Our burden of chronic disease that comes with an ageing population is likely to increase. And if healthy lifestyles can delay the onset of certain illnesses, a population with increasing longevity (estimated to hit 130 years by mid 21st century) will still mean more elderly with chronic conditions. A systematic approach to handle this is required. It would mean rapid translation of clinical research findings into good evidence-based medicine for immediate implementation for patient benefit. More science will creep into medicine. Implementations will necessitate redesigning of many care processes. It will not be just adding more new steps to existing programs. It would mean an overhaul of the way we do things today. There could be three levels of population groups. The largest at Level 1 comprising 70-80% of those with chronic conditions will require usual care guided by protocols and pathways. The bulk of these patients should remain with primary care doctors. Level 2 are high risk individuals in the community who need assisted care or care management. They should still remain mobile and in their own homes with family or maid assistance. We lack a scheme for doctors providing home care to this group of individuals. Level 3 is intensive care and case management for individuals with complex medical problems. When acute, they would likely be in acute hospitals and intensive care units within the acute hospitals. When stabilized, they may be downgraded to Level 2 and be in need of assistance for their daily living. Case managers will help Level 3 patients and arrange for step down care. At each level, education to prevent recurrence of medical problems and escalation for the need of higher levels of care is mandatory.
So if we were to look at the three lines of business as acute care/chronic care business verses primary care business versus health business, the value creation as measured by quality adjusted life-years (QALY) or productive capacity, rises linearly from low to high across these three businesses. So if we ourselves were to remain healthy and well, we would be potentially among the most productive citizens. At the other end are those in need of acute and chronic care where their QALY is lower.
An important driver of the health business would be the full realization of the impact of the human genome which has been fully deciphered earlier this century. In 1996, Goldsmith(3) said A movement from an event-driven to a risk-driven framework for health care payment is a possibility. Instead of diagnosis and treatment as its principal business, our health care system will have to predict health risk and try to manage that risk before it flowers into illness and cost.
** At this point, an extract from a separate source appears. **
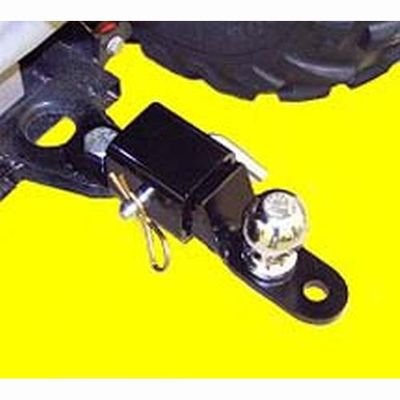 Universal receiver hitch fits all ATVs that accept a trailer ball, allowing for a ball-mount or pin-pull hitch without changing hitches. Heavy-duty powder-coat construction. Insert is reversible for trailer hitch height adjustment. Will not affect ground clearance. Utilizes standard 2in. hitch box. U.S.A.

Accountability & Performance
As the dollars for health care become more difficult to justify, the current emphasis on cost containment and cost reduction as a way of creating greater value will shift to a greater emphasis on quality and outcomes of care. For the same dollar, we could get more out of the system by improving efficiency and reducing waste. But when this is done, greater value accrues by spending the same dollar for higher quality and better outcomes of care. As more reliable and valid measures of quality and outcomes of care develop, together with advances in information technology that have enabled greater amounts of data to be processed faster; and through the internet, shared with patients and the public at large, we will move from a trust-based accountability to an evidence-based accountability (Relman)(4). Data and the resulting analysis and information will not be available one to two years late but become more and more real-time.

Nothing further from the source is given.